• **The task**
Needed from the data below: all lines that contain the word "area".

• **The data**
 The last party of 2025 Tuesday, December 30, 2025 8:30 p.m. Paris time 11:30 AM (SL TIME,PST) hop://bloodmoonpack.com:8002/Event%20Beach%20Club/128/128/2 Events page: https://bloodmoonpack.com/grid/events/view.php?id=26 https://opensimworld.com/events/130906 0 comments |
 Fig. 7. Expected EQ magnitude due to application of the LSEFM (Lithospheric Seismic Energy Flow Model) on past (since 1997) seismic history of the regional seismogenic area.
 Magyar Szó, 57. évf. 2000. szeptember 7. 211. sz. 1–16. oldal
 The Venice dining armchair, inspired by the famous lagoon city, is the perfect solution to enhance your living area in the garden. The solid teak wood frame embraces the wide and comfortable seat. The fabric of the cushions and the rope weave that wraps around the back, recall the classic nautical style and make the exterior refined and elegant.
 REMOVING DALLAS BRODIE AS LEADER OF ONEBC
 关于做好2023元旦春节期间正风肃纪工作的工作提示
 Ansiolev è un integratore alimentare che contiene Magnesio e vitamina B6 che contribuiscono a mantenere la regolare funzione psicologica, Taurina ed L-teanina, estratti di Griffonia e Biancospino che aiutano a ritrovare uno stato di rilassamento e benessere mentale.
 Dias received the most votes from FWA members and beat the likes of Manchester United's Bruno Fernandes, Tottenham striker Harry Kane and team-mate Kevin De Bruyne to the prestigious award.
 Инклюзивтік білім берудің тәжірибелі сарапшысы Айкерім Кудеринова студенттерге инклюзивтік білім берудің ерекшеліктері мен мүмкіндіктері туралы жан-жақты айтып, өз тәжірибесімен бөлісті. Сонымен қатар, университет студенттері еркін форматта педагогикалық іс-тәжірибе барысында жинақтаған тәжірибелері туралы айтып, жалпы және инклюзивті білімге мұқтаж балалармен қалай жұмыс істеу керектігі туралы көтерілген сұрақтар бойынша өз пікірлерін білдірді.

==

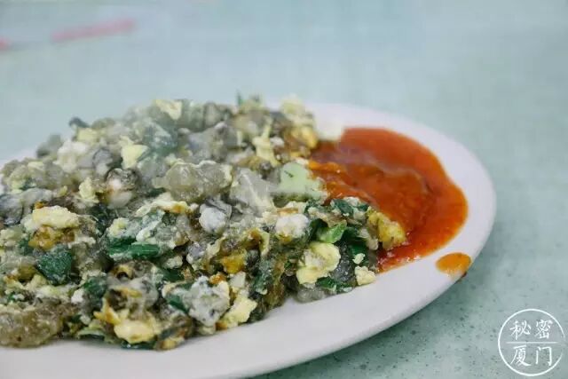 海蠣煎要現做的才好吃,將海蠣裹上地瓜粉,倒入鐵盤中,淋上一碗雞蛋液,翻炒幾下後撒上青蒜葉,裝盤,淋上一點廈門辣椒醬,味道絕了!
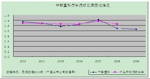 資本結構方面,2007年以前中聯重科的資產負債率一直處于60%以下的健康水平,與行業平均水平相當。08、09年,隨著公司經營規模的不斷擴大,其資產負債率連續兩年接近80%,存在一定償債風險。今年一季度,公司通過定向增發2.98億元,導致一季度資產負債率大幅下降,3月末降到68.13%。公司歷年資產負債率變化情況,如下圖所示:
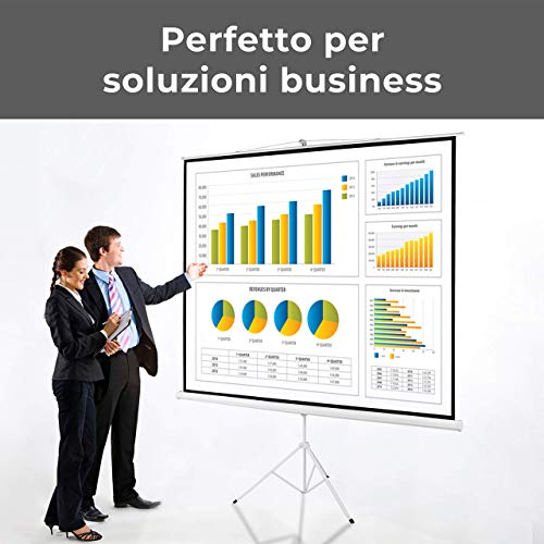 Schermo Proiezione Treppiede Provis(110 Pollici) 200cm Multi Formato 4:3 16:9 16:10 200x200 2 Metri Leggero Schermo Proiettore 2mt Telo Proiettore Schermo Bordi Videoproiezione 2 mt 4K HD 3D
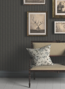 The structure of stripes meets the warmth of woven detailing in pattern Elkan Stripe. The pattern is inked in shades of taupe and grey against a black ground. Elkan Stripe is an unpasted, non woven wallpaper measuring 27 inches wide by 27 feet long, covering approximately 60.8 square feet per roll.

• **Solution to the exercise**
 Fig. 7. Expected EQ magnitude due to application of the LSEFM (Lithospheric Seismic Energy Flow Model) on past (since 1997) seismic history of the regional seismogenic area.
 The Venice dining armchair, inspired by the famous lagoon city, is the perfect solution to enhance your living area in the garden. The solid teak wood frame embraces the wide and comfortable seat. The fabric of the cushions and the rope weave that wraps around the back, recall the classic nautical style and make the exterior refined and elegant.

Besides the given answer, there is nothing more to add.